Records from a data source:
******************************
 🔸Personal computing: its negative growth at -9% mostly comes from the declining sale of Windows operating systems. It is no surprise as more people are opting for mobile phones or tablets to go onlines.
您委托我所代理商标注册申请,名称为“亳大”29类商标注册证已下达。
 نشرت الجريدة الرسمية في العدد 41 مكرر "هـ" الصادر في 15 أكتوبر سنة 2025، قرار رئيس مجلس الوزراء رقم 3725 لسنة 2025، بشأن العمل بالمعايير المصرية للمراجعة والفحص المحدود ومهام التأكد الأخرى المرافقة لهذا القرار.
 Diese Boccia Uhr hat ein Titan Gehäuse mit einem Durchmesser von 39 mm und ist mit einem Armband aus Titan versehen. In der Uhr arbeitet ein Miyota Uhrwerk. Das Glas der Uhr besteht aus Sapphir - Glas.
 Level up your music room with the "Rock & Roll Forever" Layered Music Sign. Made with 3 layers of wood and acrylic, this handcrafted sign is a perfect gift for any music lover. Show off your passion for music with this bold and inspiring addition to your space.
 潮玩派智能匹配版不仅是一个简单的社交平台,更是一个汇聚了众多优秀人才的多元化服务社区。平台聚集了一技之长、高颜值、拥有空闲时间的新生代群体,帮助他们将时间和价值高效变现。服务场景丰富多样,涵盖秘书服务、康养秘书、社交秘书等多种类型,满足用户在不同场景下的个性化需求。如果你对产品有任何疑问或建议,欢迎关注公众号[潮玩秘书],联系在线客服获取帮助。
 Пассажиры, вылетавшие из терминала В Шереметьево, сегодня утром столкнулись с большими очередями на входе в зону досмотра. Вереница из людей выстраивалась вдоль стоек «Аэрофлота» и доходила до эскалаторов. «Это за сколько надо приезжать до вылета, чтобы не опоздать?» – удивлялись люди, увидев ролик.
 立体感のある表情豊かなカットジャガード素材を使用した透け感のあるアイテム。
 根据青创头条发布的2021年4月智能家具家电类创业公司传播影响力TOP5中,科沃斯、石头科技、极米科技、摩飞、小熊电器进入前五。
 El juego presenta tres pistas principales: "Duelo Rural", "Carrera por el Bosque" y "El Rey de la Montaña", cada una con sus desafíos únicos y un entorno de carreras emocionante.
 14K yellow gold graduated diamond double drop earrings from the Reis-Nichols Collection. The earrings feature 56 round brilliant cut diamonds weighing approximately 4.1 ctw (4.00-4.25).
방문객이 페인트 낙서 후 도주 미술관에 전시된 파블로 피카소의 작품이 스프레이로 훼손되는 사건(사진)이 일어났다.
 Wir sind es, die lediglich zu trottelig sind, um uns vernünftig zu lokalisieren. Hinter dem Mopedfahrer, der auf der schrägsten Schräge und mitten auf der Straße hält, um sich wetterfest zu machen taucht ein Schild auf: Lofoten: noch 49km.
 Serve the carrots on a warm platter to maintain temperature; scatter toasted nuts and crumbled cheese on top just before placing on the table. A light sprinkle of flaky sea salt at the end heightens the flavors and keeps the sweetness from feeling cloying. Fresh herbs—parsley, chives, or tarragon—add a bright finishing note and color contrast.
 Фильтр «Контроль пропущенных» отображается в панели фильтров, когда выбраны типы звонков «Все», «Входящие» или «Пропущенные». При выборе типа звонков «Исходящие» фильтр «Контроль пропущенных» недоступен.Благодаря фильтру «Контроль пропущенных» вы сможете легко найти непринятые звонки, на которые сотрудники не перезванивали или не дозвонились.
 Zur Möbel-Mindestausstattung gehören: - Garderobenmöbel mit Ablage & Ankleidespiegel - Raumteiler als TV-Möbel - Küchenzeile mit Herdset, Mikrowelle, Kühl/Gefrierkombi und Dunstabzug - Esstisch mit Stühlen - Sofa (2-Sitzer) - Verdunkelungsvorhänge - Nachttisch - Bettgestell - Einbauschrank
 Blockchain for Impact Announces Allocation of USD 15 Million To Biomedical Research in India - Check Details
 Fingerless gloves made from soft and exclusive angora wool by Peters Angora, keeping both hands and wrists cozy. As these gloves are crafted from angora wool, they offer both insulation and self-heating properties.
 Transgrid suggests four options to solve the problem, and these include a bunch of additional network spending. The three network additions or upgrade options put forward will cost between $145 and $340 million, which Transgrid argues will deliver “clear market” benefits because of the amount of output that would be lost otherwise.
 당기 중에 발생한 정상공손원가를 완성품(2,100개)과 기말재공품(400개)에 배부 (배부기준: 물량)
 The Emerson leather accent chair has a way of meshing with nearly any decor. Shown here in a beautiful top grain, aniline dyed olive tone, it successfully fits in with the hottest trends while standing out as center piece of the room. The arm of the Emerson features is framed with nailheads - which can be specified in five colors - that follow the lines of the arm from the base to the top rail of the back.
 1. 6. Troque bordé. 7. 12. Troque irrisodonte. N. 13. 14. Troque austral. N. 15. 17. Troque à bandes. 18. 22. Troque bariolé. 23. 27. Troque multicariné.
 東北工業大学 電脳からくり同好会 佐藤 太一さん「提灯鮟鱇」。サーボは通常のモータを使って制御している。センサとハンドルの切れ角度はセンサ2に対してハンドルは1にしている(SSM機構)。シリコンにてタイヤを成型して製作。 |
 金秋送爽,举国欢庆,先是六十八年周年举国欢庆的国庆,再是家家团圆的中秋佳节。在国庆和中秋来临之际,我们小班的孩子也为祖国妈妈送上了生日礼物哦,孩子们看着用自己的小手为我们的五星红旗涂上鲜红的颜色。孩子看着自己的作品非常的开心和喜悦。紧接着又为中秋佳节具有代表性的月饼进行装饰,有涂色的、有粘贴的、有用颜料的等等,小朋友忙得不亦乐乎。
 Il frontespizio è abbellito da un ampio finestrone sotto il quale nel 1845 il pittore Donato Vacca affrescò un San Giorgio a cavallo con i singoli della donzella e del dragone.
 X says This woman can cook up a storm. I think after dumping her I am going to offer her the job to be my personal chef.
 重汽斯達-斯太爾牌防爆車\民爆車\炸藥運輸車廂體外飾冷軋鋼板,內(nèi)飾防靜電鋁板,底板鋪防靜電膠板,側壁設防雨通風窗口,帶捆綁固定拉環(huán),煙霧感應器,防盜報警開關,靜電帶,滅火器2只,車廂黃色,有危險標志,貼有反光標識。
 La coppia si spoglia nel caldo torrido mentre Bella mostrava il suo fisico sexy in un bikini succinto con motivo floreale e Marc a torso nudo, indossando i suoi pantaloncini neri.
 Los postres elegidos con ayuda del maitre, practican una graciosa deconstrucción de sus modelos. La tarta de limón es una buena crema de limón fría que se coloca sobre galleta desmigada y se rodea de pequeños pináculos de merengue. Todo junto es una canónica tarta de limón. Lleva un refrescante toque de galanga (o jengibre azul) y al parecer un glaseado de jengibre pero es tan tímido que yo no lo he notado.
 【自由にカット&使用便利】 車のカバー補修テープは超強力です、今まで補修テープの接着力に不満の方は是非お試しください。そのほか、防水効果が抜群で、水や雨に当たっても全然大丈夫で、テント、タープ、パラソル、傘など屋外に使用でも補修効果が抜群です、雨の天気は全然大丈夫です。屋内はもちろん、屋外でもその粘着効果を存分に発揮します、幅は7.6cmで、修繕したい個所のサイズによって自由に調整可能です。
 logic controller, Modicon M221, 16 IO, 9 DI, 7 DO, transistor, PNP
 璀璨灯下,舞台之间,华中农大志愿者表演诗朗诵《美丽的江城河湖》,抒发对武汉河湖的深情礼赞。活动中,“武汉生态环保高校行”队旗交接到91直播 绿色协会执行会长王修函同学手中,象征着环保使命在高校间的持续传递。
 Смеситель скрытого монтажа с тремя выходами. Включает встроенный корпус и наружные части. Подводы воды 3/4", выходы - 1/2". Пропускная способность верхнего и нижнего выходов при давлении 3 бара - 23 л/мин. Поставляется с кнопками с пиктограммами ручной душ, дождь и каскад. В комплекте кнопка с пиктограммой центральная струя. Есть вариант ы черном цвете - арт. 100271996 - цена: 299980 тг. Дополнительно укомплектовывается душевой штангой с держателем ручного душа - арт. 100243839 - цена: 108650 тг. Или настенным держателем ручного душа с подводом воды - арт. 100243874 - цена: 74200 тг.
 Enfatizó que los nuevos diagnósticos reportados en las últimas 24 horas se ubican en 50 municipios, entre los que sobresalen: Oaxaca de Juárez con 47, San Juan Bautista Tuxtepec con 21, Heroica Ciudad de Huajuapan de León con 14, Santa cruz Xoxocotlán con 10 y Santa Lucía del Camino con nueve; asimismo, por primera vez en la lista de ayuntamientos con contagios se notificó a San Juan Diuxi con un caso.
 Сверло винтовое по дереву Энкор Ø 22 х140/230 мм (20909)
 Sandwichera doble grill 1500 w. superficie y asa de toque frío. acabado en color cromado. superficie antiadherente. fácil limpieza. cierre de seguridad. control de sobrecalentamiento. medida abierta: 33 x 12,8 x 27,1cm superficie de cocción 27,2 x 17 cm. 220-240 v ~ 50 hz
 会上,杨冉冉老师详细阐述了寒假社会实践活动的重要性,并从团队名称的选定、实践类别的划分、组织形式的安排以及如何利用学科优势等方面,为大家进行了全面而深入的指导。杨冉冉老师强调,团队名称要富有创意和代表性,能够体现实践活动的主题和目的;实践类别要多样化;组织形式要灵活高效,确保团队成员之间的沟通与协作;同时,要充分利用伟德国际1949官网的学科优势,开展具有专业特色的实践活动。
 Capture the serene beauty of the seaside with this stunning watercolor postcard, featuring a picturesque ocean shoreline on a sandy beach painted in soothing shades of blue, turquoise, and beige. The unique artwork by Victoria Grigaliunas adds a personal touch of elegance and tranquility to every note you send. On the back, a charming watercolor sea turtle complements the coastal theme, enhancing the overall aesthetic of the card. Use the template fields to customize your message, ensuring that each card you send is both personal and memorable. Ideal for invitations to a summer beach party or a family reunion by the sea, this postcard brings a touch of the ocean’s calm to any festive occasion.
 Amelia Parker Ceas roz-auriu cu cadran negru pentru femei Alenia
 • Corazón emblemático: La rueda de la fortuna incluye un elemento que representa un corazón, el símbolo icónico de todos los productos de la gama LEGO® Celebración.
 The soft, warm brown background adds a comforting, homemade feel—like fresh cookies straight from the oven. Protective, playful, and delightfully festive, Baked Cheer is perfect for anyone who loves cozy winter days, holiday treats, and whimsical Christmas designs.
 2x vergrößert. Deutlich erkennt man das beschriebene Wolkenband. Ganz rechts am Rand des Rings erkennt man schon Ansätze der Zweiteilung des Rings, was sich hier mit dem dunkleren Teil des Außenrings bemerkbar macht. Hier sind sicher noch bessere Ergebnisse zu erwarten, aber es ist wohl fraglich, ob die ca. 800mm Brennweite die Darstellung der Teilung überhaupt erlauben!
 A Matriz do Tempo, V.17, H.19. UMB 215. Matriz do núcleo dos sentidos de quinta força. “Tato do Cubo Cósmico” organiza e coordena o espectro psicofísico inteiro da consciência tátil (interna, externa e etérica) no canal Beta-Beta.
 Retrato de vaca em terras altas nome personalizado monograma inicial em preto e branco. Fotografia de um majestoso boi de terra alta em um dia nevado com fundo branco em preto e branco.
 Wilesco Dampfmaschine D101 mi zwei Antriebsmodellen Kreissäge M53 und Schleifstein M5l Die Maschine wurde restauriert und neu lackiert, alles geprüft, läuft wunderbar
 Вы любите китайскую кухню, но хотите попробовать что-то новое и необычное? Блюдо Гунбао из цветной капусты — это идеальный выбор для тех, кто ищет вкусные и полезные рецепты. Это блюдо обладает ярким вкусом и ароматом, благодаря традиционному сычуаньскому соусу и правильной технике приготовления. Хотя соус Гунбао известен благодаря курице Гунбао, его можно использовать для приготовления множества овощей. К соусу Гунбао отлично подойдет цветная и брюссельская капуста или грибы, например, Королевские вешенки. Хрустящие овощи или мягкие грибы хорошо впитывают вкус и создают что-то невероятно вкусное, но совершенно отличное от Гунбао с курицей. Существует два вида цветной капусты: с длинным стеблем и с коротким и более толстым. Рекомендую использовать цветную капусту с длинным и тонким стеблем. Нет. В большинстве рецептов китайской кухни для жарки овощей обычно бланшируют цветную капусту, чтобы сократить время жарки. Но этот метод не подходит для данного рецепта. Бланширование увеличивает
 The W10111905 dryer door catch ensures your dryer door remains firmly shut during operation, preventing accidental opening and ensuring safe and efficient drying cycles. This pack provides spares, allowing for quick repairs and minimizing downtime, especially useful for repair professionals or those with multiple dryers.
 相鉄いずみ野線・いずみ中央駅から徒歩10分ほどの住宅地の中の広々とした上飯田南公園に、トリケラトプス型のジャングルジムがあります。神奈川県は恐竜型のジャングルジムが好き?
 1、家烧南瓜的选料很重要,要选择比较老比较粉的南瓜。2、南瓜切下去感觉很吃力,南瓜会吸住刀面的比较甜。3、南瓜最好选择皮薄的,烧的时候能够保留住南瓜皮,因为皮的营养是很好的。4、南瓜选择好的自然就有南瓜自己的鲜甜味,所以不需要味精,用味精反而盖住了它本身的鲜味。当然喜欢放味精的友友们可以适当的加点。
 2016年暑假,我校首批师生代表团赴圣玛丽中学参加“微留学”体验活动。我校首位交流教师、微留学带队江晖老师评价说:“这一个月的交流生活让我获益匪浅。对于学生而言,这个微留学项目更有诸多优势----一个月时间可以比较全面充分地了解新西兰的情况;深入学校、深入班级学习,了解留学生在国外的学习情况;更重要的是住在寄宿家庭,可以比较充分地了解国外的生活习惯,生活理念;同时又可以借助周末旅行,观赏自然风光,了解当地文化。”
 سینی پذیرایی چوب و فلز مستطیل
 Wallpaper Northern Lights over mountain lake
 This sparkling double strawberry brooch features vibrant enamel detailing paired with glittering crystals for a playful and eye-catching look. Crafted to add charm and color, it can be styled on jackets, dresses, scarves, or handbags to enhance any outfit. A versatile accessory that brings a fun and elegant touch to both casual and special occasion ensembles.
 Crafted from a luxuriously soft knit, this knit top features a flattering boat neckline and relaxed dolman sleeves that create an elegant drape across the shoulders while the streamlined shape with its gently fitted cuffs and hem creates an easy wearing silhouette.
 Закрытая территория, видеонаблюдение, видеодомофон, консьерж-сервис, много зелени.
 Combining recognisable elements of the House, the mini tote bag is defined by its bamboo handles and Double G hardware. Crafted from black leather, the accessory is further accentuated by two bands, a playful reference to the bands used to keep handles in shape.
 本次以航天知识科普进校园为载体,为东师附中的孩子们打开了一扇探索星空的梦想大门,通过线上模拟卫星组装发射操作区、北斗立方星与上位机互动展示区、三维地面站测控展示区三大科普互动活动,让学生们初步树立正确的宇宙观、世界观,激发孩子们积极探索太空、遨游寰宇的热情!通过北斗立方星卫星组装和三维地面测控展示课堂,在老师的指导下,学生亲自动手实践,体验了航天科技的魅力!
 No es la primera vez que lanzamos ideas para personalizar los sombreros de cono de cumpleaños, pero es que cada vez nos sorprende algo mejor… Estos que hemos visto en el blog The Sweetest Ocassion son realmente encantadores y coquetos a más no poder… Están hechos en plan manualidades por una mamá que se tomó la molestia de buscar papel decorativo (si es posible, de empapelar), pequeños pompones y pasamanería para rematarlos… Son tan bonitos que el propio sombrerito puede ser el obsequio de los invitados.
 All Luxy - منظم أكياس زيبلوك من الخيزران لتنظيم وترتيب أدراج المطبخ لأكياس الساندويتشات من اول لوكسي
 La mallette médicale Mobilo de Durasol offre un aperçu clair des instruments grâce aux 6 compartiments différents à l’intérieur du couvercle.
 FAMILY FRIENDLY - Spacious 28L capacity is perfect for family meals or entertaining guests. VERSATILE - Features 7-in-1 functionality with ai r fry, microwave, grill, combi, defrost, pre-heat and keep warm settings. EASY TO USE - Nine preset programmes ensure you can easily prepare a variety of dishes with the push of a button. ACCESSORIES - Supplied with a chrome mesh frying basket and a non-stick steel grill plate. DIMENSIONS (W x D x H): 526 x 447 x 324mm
******************************
§ **WHAT IS EXPECTED**
Copy each line in the data that holds the word "these".

§ **SOLUTION TO THIS EXERCISE**
 Fingerless gloves made from soft and exclusive angora wool by Peters Angora, keeping both hands and wrists cozy. As these gloves are crafted from angora wool, they offer both insulation and self-heating properties.
 Transgrid suggests four options to solve the problem, and these include a bunch of additional network spending. The three network additions or upgrade options put forward will cost between $145 and $340 million, which Transgrid argues will deliver “clear market” benefits because of the amount of output that would be lost otherwise.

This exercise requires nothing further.